Features | MVAPICH2 | Overview | Network-Based Computing Laboratory

MVAPICH2 1.4 Features and Supported Platforms

New features compared to MVAPICH2 1.2 series are marked as (NEW) .

MVAPICH2 (MPI-2 over InfiniBand) is an MPI-2 implementation based on MPICH2 ADI3 layer. The latest release is compliant with the MPI 2.1 standard. It also supports all MPI-1 functionalities. MVAPICH2 1.4 is available as a single integrated package (with MPICH2 1.0.8p1). The current release supports the following six underlying transport interfaces:
  • OpenFabrics-IB: This interface supports all InfiniBand compliant devices based on the OpenFabrics libibverbs layer. This interface has the most features and is most widely used. For example, this interface can be used over all Mellanox InfiniBand adapters, IBM eHCA adapters and Qlogic adapters.
  • OpenFabrics-iWARP: This interface supports all iWARP compliant devices supported by OpenFabrics. For example, this layer supports Chelsio T3 adapters with the native iWARP mode.
  • (NEW) OpenFabrics Gen2-RDMAoE: This interface supports the emerging RDMAoE (RDMA over Ethernet) interface for Mellanox ConnectX-EN adapters with 10GigE switches.
  • (NEW) QLogic InfiniPath: This interface provides native support for InfiniPath adapters from QLogic over PSM interface. It provides high-performance point-to-point communication for both one-sided and two-sided operations.
  • uDAPL: This interface supports all network-adapters and software stacks which implement the portable DAPL interface from the DAT Collaborative. For example, this interface can be used over all Mellanox adapters, Chelsio adapters and NetEffect adapters. It can also be used with Solaris uDAPL-IBTL implementation over InfiniBand adapters.
  • TCP/IP: The standard TCP/IP interface (provided by MPICH2) to work with a range of network adapters supporting TCP/IP interface.
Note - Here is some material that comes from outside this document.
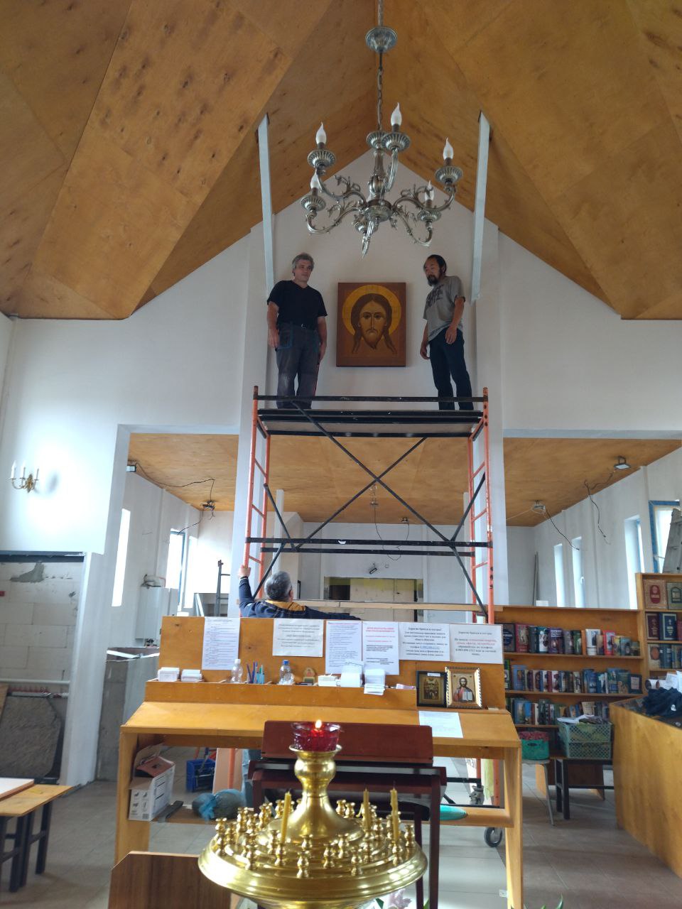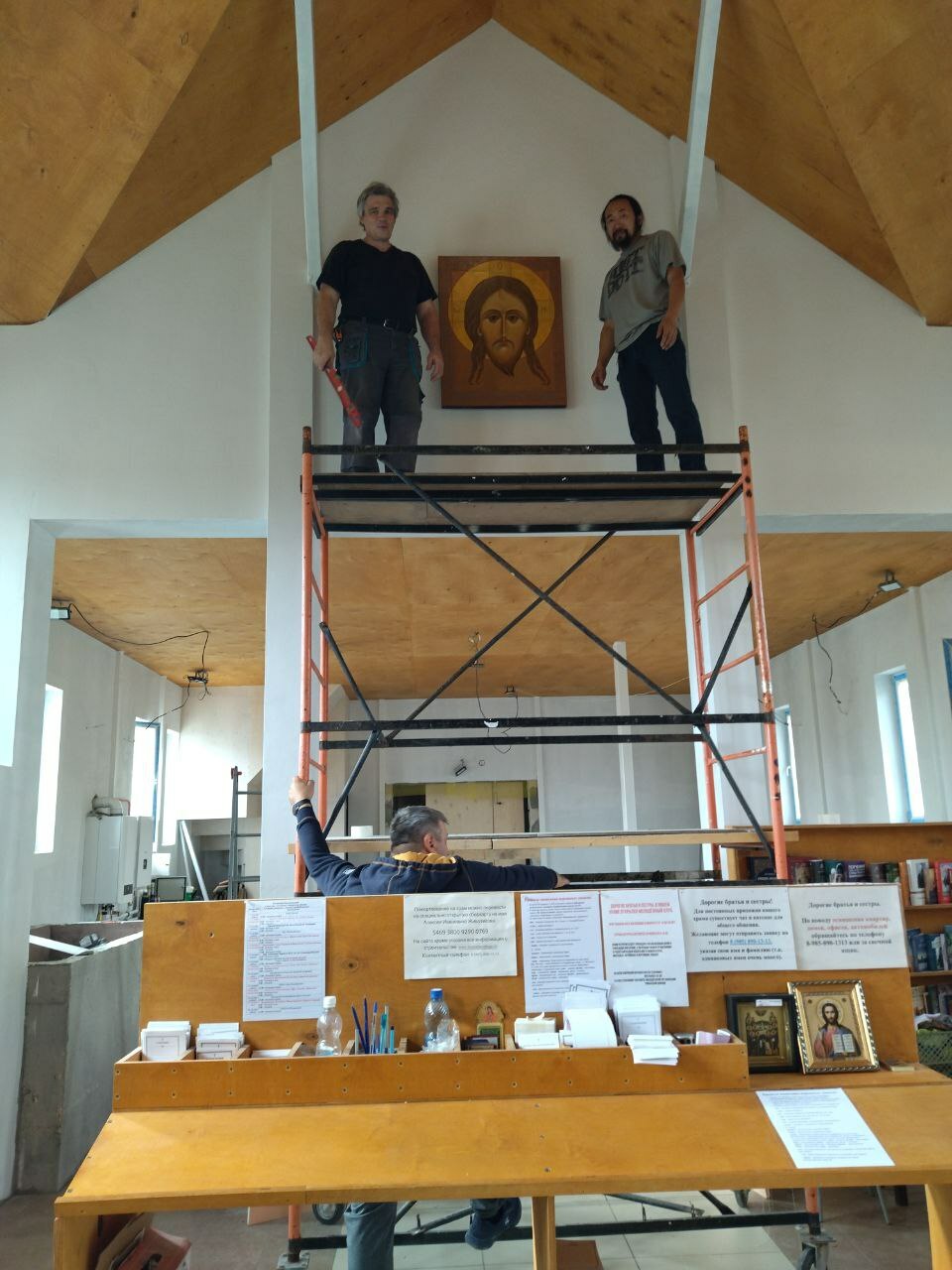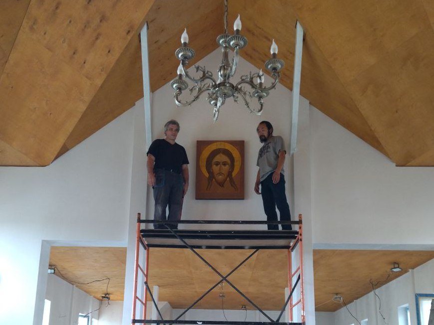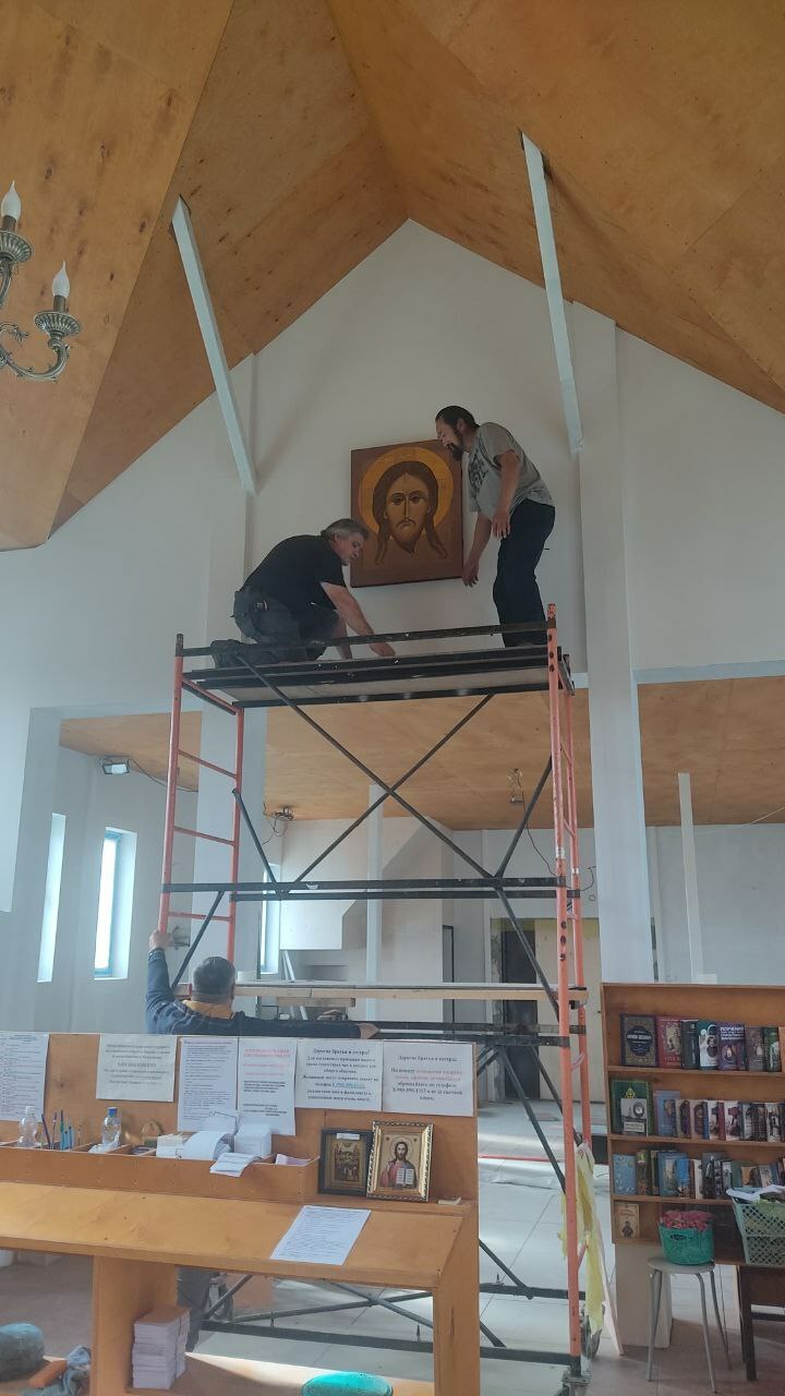 в день Рождества Пресвятой Богородицы, под внутренней аркой нашего храма прп. Александра Свирского, мы повесили новую икону Нерукотворного Спаса, написанную нашим иконописцем Юлей Ариевич. Ей помогали сотрудницы нашего храма, для которых это было настоящее событие!

This interface can be used with IPoIB (TCP/IP over InfiniBand network) support of InfiniBand also. However, it will not deliver good performance/ scalability as compared to the other interfaces.
Please note that the support for VAPI interface has been deprecated from MVAPICH2 (since 1.2 version) because OpenFabrics interface is getting more popular. MVAPICH2 users still using VAPI interface are strongly requested to migrate to the OpenFabrics-IB interface.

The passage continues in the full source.